Charles Darwin, bilim dünyasında yeni bir devrim yaratacak olan 5 yıllık ünlü yolculuğundan sonra 1836'da İngiltere'ye döndüğünde 27 yaşındaydı ve bilim tarihinin en parlak kariyerlerinden birinin henüz başındaydı. Canlı yaşamın oluşmasının ve gelişmesinin temel taşlarını keşfetmiş, jeolojide ve biyolojide yüzyıllar sürecek yeni bir ufuk açmıştı.

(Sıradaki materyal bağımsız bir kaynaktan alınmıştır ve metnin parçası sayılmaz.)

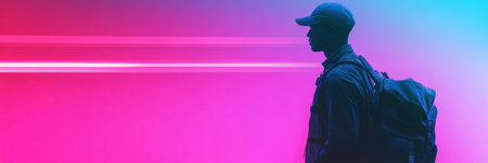 In a colorful atmosphere, a delivery worker in silhouette moves confidently, set against a gradient of neon shades creating an energetic vibe at dusk.
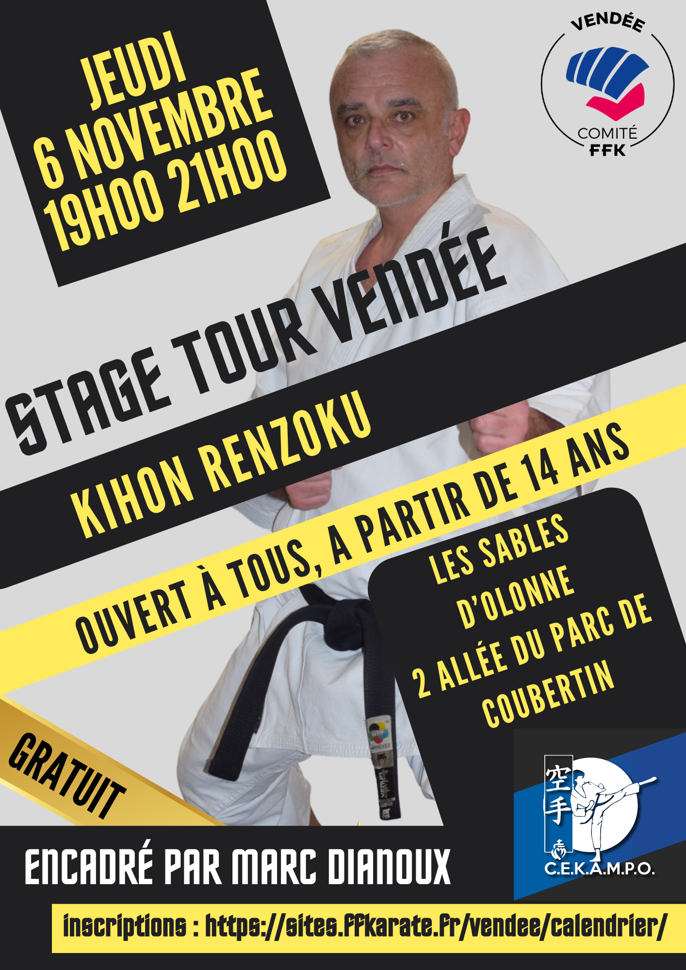 VENDEE TOUR KARATE Date Jeu. 6 Novembre 2025 Lieu DOJO COUBERTINRUE DE COUBERTIN 85100 LES SABLES-D'OLONNE
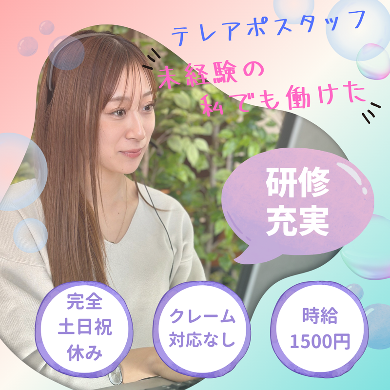 仕事内容 \推しポイント/ ◆未経験OK:トーク例&マニュアル完備/研修ありで専門知識不要 ◆アドリブ不要:マニュアル通りに案内→アポ後は社員へ引き継ぎ ◆働きやすい:土日祝完全休み&残業ゼロでメリハリ◎ ◆稼げる:時給1,500円+インセンティブで月収UPも目指せる ◆自由度高め:週4日〜OK/時間帯相談可(朝ゆっくりスタートも) ◆待遇充実:交通費全額支給・有給あり・社会保険完備 時給1,500円+インセンで、ちゃんと稼げるオフィスワーク! トークはマニュアル完備&アドリブなしで未経験でも安心。 在宅OKだから、自分のペースで働きやすい◎ 土日祝休み・残業ゼロでオンオフきっちり! 年内からお仕事スタートOK◎ ===== こんなスタッフが活躍中! ===== ●Aさん● 「旅行資金を貯めたいので、フルタイムでガッツリ働いています!」 ●Bさん● 「推し活貯金しなきゃ!そのために、高時給のテレアポバイトでしっかり稼いでます!」 ●Cさん● 「人と話すのが好きなので、テレアポは自分にピッタリ!」 <具体的には~> *既に自社でご契約済みの企業さま向けに新サービスのご案内 *マニュアル通りにトーク! *ホームページ運用のメリットを伝えていただきます! *アポイントを取った後は社員に引き継ぎでOK! <お仕事の流れ> パソコンからワンクリックで電話をしていきます! IT関連サービスの簡単なご案内をお願いします! マニュアルに沿ってお話するだけでOK!未経験でもカンタンにご案内できます! *テレアポ・コールセンター経験者歓迎!! IT関連のサービス案内ですが研修で学べる時間があるので専門知識は不要です。 どんな方でも活躍できるようバックアップしています!安心して応募してきてくださいね! <こんなスキルが身についちゃう> *コミュニケーション力・営業力 *社会人マナー/電話応対スキル *将来の営業職・接客業にも活かせる *会話の組み立て方・相手のニーズの聞き出し方が学べる 将来的に営業職を目指せる【正社員登用制度あり】 アルバイトから正社員になったメンバーも在籍してます♪ 【 必要なものは会社が準備 】 入社が決まり次第、あなた専用のパソコンを準備します! パソコンに詳しくない。。という方もご安心くださいね! 難しい操作は一切しません! 【 アドリブなし 】 「テレアポってコミュ力が必要なんじゃ。。」 と不安なあなたも大丈夫。 丁寧なトーク例があるのでそちらに沿って ご案内を進めていけばOKです! 【 いつでも頼れる 】 活躍中のメンバーはほとんどの方が未経験スタート。 近くに先輩社員もいるので、困ったらすぐに質問できます! 直接口頭で聞くのはちょっと・・・っという方も安心! LINEなどチャットツールでのやり取りもスムーズに行えます! サポート体制もばっちり。マニュアルがしっかり決まっているので安心! 分からないことがあればすぐにフォローします!

Ancak yolculuk dönüşü biraz yorgundu... Kalp çarpıntısı, titreme, nefes darlığı ve baş dönmesi gibi rahatsızlıklardan şikayetçiydi. Sinirlenmesine yol açacak herhangi bir olay rahatsızlıklarını daha da artırıyordu. Bir zamanların korkusuz gezgini 2 yıl sonra evinde yalnız bir yaşamı seçiyordu. Evinden yalnızca çok gerekli olduğu zamanlarda, o da, camları simsiyah aracıyla ayrılıyordu.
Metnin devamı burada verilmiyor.